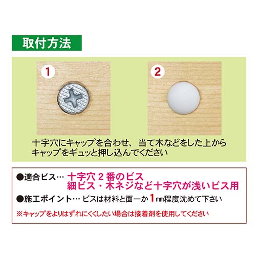 細ビスや木ネジなど、十字穴が浅いビス用です。 ※表示価格は税込価格となります。 (税率10%) ※3,000個以上お買い上げの場合はお問い合わせフォームからご連絡下さい。 【生産国】中国 十字穴2番専用 ご注意 ・ビスは材料と面一か1mm程度沈めてください ・キャップをより外れにくくしたい場合は接着剤を使用してください
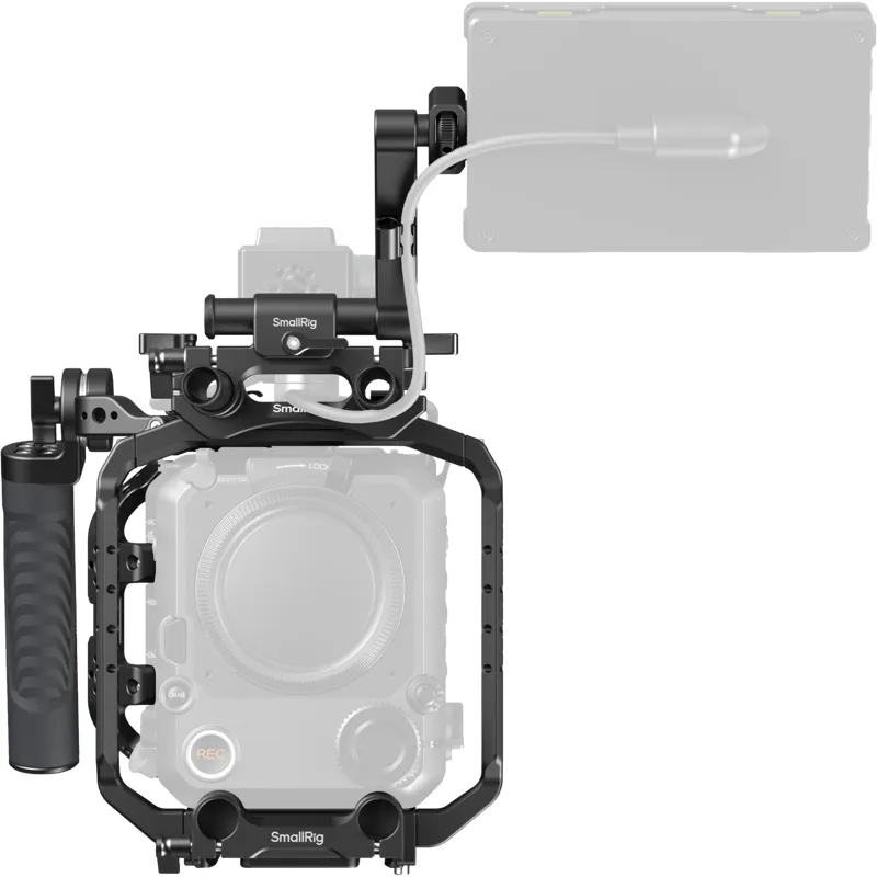The kit includes the camera cage, a top handle, and various mounting hardware.
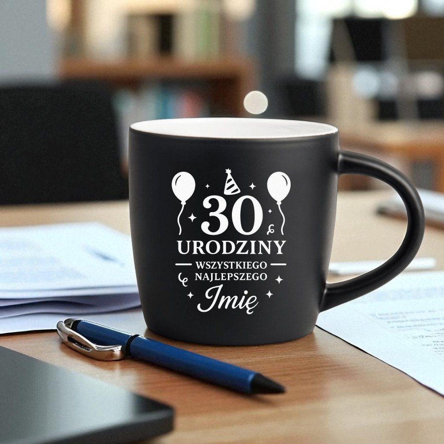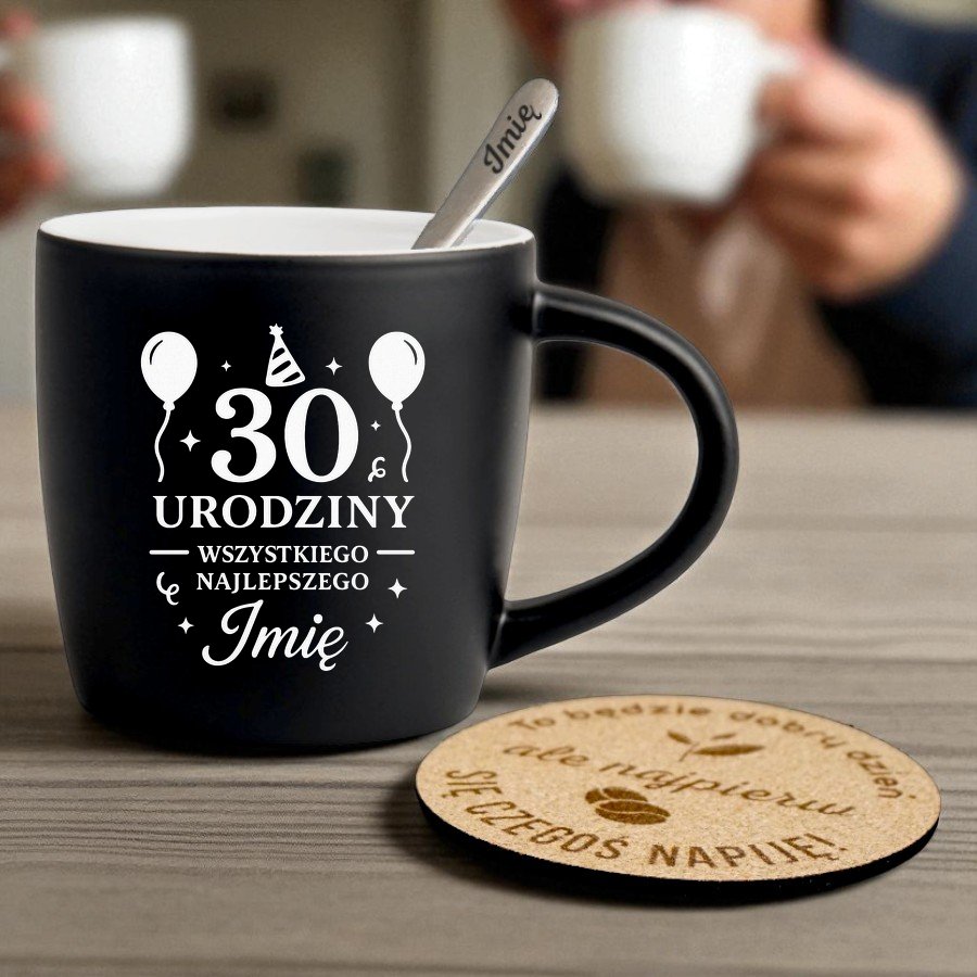 Kubek Personalizowany z Imieniem Czarny + Łyżeczka i Podkładka Zestaw na 30 urodziny v.3

+---+

### Problem statement:
What is needed here is each line above set down word for word, minus the images.

### Response area:
 細ビスや木ネジなど、十字穴が浅いビス用です。 ※表示価格は税込価格となります。 (税率10%) ※3,000個以上お買い上げの場合はお問い合わせフォームからご連絡下さい。 【生産国】中国 十字穴2番専用 ご注意 ・ビスは材料と面一か1mm程度沈めてください ・キャップをより外れにくくしたい場合は接着剤を使用してください
The kit includes the camera cage, a top handle, and various mounting hardware.
 Kubek Personalizowany z Imieniem Czarny + Łyżeczka i Podkładka Zestaw na 30 urodziny v.3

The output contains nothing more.